Integrating Inductive Biases in Transformers via Distillation for Financial Time Series Forecasting

arXiv cs.LG / 3/19/2026

📰 NewsIdeas & Deep AnalysisModels & Research

Key Points

  • The paper proposes TIPS (Transformer with Inductive Prior Synthesis), a knowledge-distillation framework that blends causality, locality, and periodicity biases inside a Transformer to improve forecasting of non-stationary financial time series.
  • TIPS trains bias-specialized Transformer teachers via attention masking and distills their knowledge into a single student model with regime-dependent alignment across biases.
  • Across four major equity markets, TIPS achieves state-of-the-art performance and outperforms strong ensembles in annual return, Sharpe ratio, and Calmar ratio while requiring only 38% of the inference-time computation.
  • The results highlight regime-dependent utilization of inductive biases for robust generalization in changing financial regimes.

Abstract

Transformer-based models have been widely adopted for time-series forecasting due to their high representational capacity and architectural flexibility. However, many Transformer variants implicitly assume stationarity and stable temporal dynamics -- assumptions routinely violated in financial markets characterized by regime shifts and non-stationarity. Empirically, state-of-the-art time-series Transformers often underperform even vanilla Transformers on financial tasks, while simpler architectures with distinct inductive biases, such as CNNs and RNNs, can achieve stronger performance with substantially lower complexity. At the same time, no single inductive bias dominates across markets or regimes, suggesting that robust financial forecasting requires integrating complementary temporal priors.

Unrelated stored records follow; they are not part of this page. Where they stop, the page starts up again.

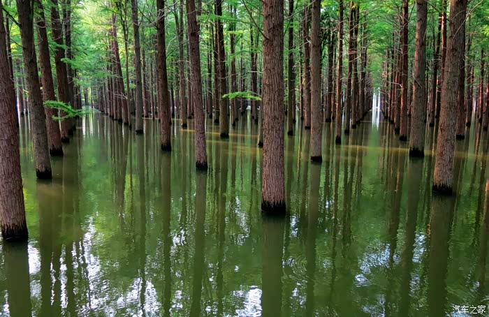 走进水乡,河道湖泊纵横交错,丛杉树林一望无边,视野开阔而空旷,空气清新而舒爽。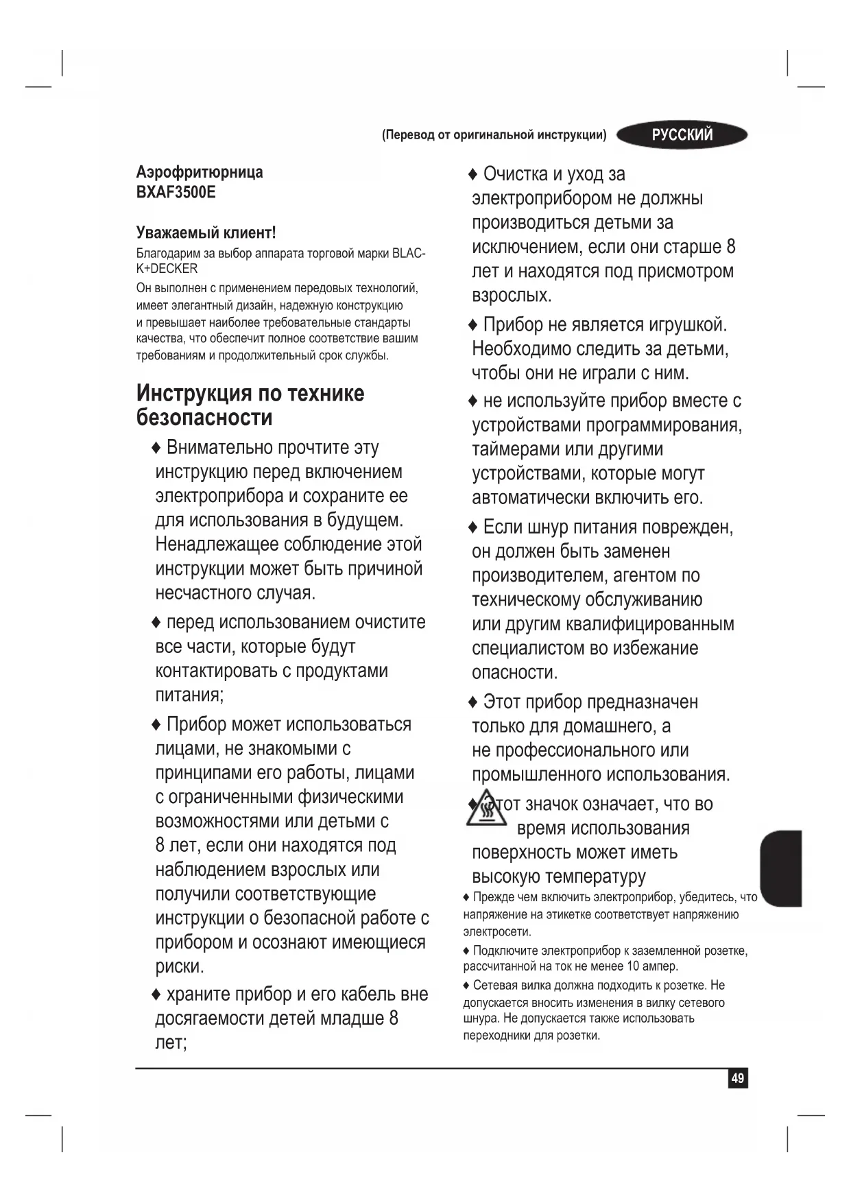 Аэрофритюрница BXAF3500E Уважаемый клиент! Благодарим за выбор аппарата торговой марки BLAC- K+DECKER Он выполнен с применением передовых технологий, имеет элегантный дизайн, надежную конструкцию и превышает наиболее требовательные стандарты качества, что обеспечит полное соответствие вашим требованиям и продолжительный срок службы. Инструкция по технике безопасности ♦ Внимательно прочтите эту инструкцию перед включением электроприбора и сохраните ее для использования в будущем. Ненадлежащее соблюдение этой инструкции может быть причиной несчастного случая. ♦ перед использованием очистите все части, которые будут контактировать с продуктами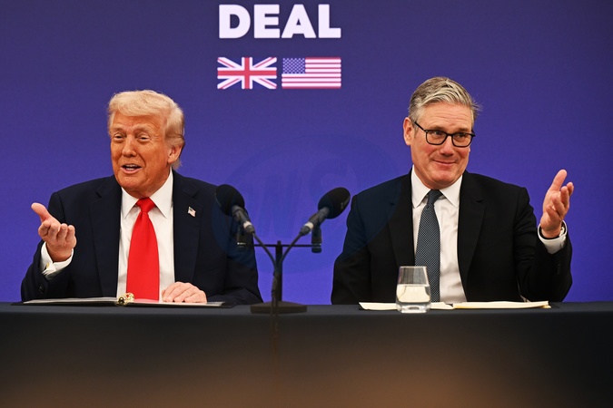 AYLESBURY, ENGLAND - SEPTEMBER 18: (L-R) U.S. President Donald Trump and UK Prime Minister Keir Starmer announce an agreement between the two countries as they hold a press conference at Chequers at the conclusion of a state visit on September 18, 2025 in Aylesbury, England. This is the final day of President Trump's second UK state visit, with the previous one taking place in 2019 during his first presidential term., Credit:Leon Neal / Avalon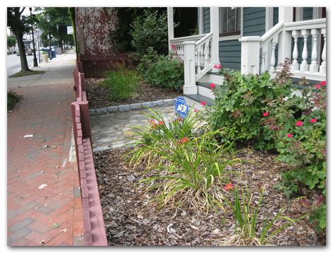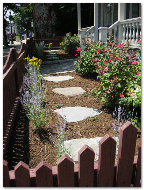 We were asked to continue with the front yard of last month’s Church Hill garden by planting flowers within a picket fence.  The design gave the space a lovely English garden look with flowers in the front.  Their existing knock out roses stayed, but we added Russian sage, a “Sonora” rudebekia, and two “Pinky Winky” hydrangeas to give the garden color lasting into the late fall. Powerful tumbled blue stepping stones add weight and power to the small space.

We propose TIPS (Transformer with Inductive Prior Synthesis), a knowledge distillation framework that synthesizes diverse inductive biases -- causality, locality, and periodicity -- within a unified Transformer. TIPS trains bias-specialized Transformer teachers via attention masking, then distills their knowledge into a single student model with regime-dependent alignment across inductive biases. Across four major equity markets, TIPS achieves state-of-the-art performance, outperforming strong ensemble baselines by 55%, 9%, and 16% in annual return, Sharpe ratio, and Calmar ratio, while requiring only 38% of the inference-time computation. Further analyses show that TIPS generates statistically significant excess returns beyond both vanilla Transformers and its teacher ensembles, and exhibits regime-dependent behavioral alignment with classical architectures during their profitable periods. These results highlight the importance of regime-dependent inductive bias utilization for robust generalization in non-stationary financial time series.